A lawyer, Festus Ogwuche, on Monday wrote to the Attorney General of the Federation, Abubakar Malami, over a subsisting judgment of the ECOWAS Court of Justice, that forbids the Nigerian government from infringing on rights to free press.
Mr Ogwuche wrote Mr Malami on Monday in the wake of the federal government’s indefinite suspension of the operations of Twitter, a popular microblogging site, in Nigeria.
He reminded Mr Malami in his letter submitted to Mr Malami’s office on Monday that the ban on Twitter was in defiance of a 2018 judgment of the ECOWAS Court guaranteeing free press.
In an effort to enforce the ban, which has been widely condemned locally and internationally as an attack on free press and freedom of expression, Mr Malami had on Saturday, ordered the prosecution of those who continued to use Twitter in defiance of its suspension by government.
On Monday, the National Broadcasting Corporation (NBC) ordered televisions and radio stations to stop using Twitter.
But citing the ECOWAS Court judgment in his letter, Mr Ogwuche said the suspension of Twitter “is not a veiled attempt, but rather a direct unveiled advancement towards limiting the frontiers for the exercise of those constitutionally sacred freedoms by constricting and actually scrapping a vital platform and space for such expression.”
‘Official policy must not impede free press’
According to Mr Ogwuche, the ECOWAS Court of Justice had in December 2018, gave an “order of perpetual injunction,” which, “forbids the Federal Republic of Nigeria from doing anything either by way of official policy, instruction and/or investigation that will in anyway impede on the existence and operations of a free press in a democratic society.”

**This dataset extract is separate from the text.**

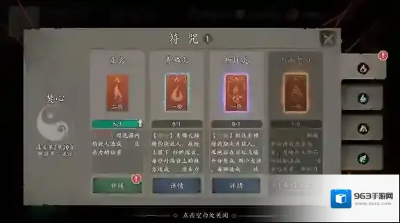8、点击符咒可以对使用的符咒进行升级。

The lawyer who was the plaintiff in the ECOWAS Court case against the Federal Republic of Nigeria, noted that the order of injunction issued in the judgment applies to all subsequent violations of those enshrined rights including potential victims who may not necessarily be named in the law suit.

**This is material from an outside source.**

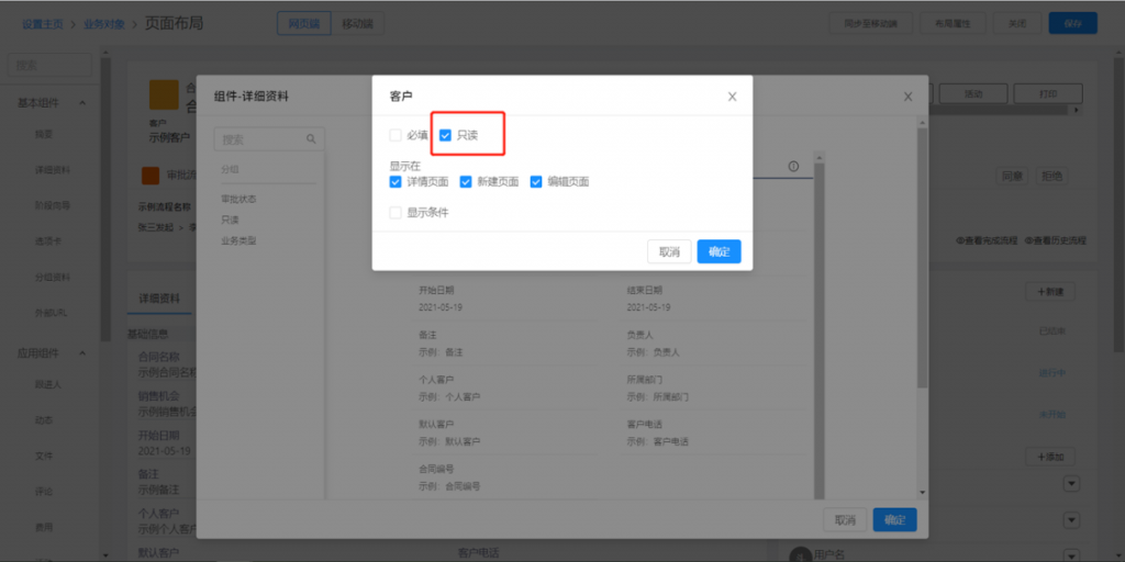 - 頁(yè)面布局字段可配置只讀:頁(yè)面布局-詳細(xì)資料組件中,字段可配置只讀屬性,在新建或編輯時(shí),字段不可手動(dòng)填寫,但默認(rèn)值可正常計(jì)算

In the letter which he copied the Minister of Information and Culture as well as the National Broadcasting Commission (NBC), he said these rights are not only entrenched and guaranteed in the Nigerian constitution, but also under the African Charter on Human Rights, the Universal Declaration Of Human and Peoples Rights, the International Covenant on Civil and Political Rights and the ECOWAS Protocol on Democracy and Elections.